Advisory agreements must contain as much detail as possible on the terms of cooperation
There are a variety of approaches possible in the investment sector. One popular option is an advisory agreement. Through this route, you have the support of expert advice, but the decisions on what happens in your portfolio remain your own. Experts will provide you with the information you need to manage your investments, based of course on the experience of our well-established teams.
A question of time
It’s a fact that, on average, people spend more time planning their holidays or even buying a fridge than they do choosing financial investments. When it comes to managing your assets, time plays a particularly crucial role. As financial markets are exceptionally volatile, regular oversight and a swift response are essential.
Of course, successful investing also requires a high degree of expertise and specialist knowledge.
Of course, successful investing also requires a high degree of expertise and specialist knowledge. And you can buy in these very skills if you want to set up an investment portfolio. In this context, popular options include taking out an advisory agreement or delegating the management of your portfolio (this is referred to as discretionary portfolio management).
Under an advisory agreement, you receive expert advice and individual recommendations, all based on your personal investor profile. An advisory agreement also offers the added benefit of the swift response of sector professionals providing precise and specific information on a regular basis. You will be responsible for managing the actual portfolio. This type of relationship is defined in a contract, which sets out the rights and obligations of both parties in a precise, transparent and detailed manner.

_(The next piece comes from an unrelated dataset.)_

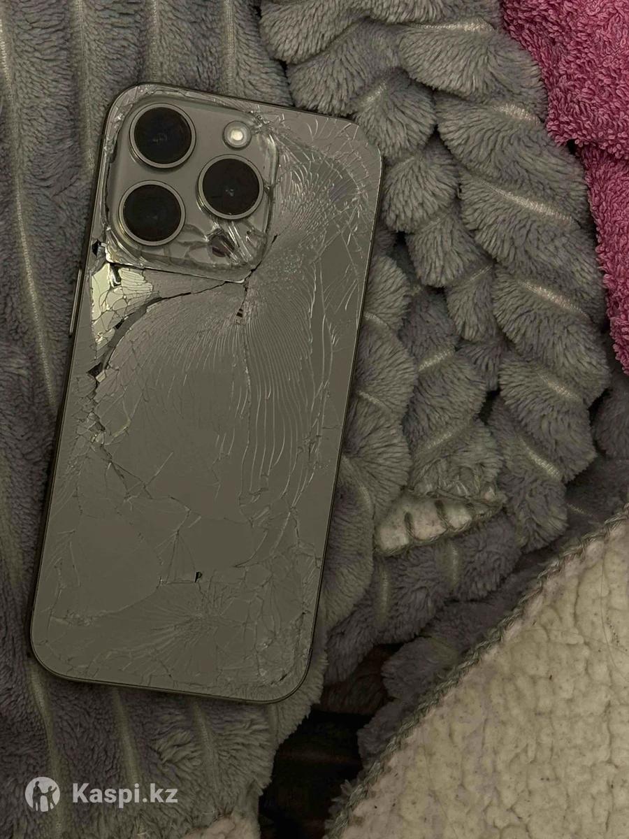 iPhone 15 Pro 128 GB •Face ID работает •экран разбит (мигает) •задняя крышка разбита •всё остальное работает •батарея 83%
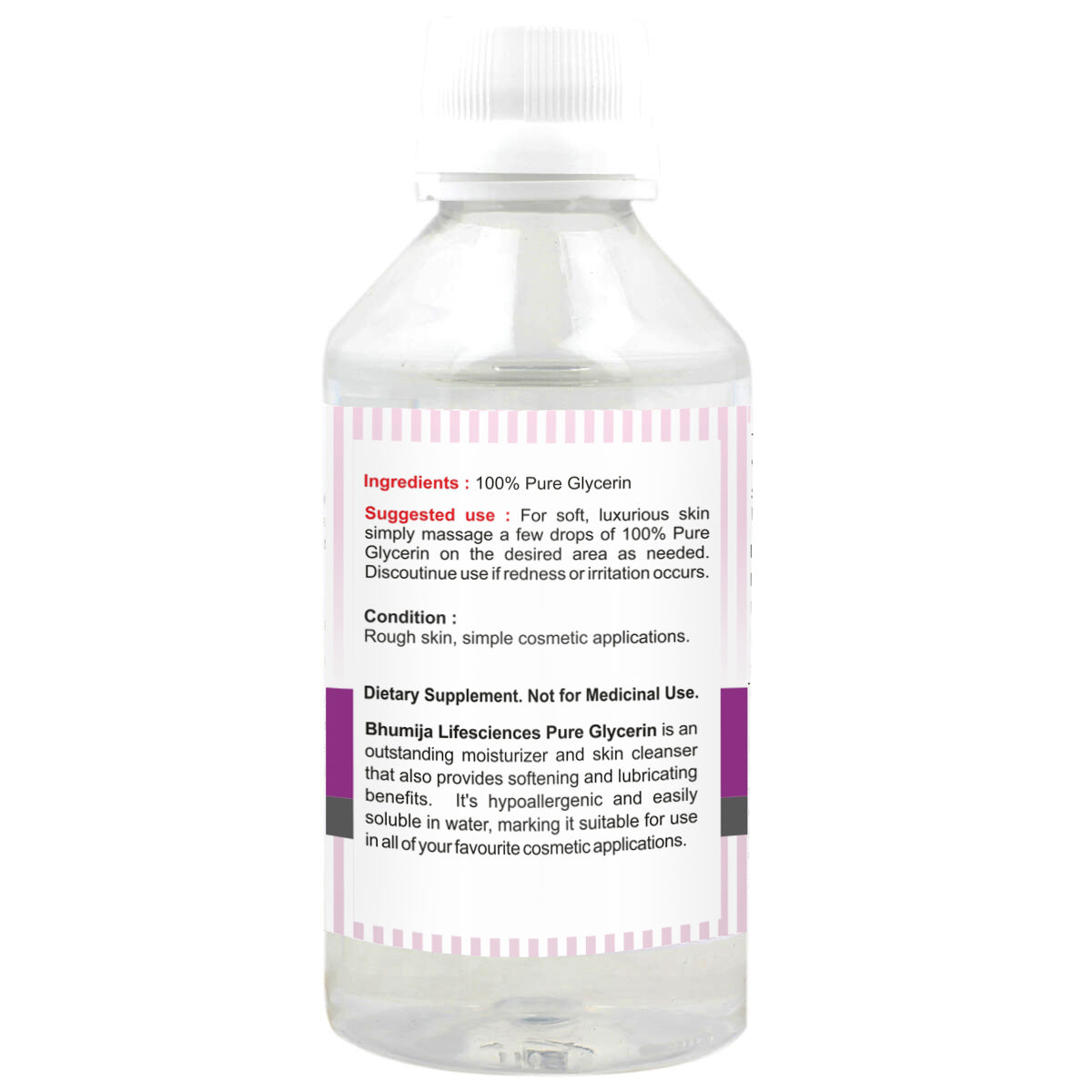 Bhumija Plant-based glycerin is a pure form from nature. Glycerin has been listed as a safe ingredient for skin by EU cosmetics. Our glycerin is pure and totally safe for all skin types.

An advisory agreement includes the following specific information:
- your investor profile;
- full details of the cooperation, i.e. the advisory services to be provided;
- the relevant time horizons;
- the procedures for placing and executing investment orders;
- the level and terms of remuneration for the services provided; and
- the length of the contract.
Nothing is left to chance
The length of an advisory agreement is generally not defined; in principle, it can be terminated by either party in writing. Details included in the agreement should be as precise as possible, clearly stipulating the information and the personalised and proactive investment assessments expected (regarding markets, sectors, financial instruments, etc.). This also applies to the recommendations made by the investment adviser. The frequency of contact with your relationship manager or a financial adviser should also be agreed in advance.
It is very difficult to determine a standard profile for the type of investor suited to an advisory agreement, but a few issues should be considered. You must certainly be willing to regularly spend time informing yourself, as you are ultimately responsible for any investment decisions. You should also have sufficient experience and knowledge of the investment sector to understand the risks involved with the products being offered or requested. As speed of response is often a decisive factor on financial markets, you must of course always be on standby to take proper advantage of any recommendations you receive from your adviser. As outlined above, time plays a key role in the investment world.
Based on personal factors, your investor profile identifies how best to allocate your assets.
Defining your investor profile
Based on personal factors, your investor profile identifies how best to allocate your assets to achieve your investment objectives within the desired time-frame. Our experts mainly determine your investor profile on the basis of the following elements:
- your investment objectives with regards to capital protection, returns and investment horizon;
- your risk appetite;
- your understanding of financial matters;
- Your financial means and outgoings, (sources of income, financial obligations, financial assets, etc.).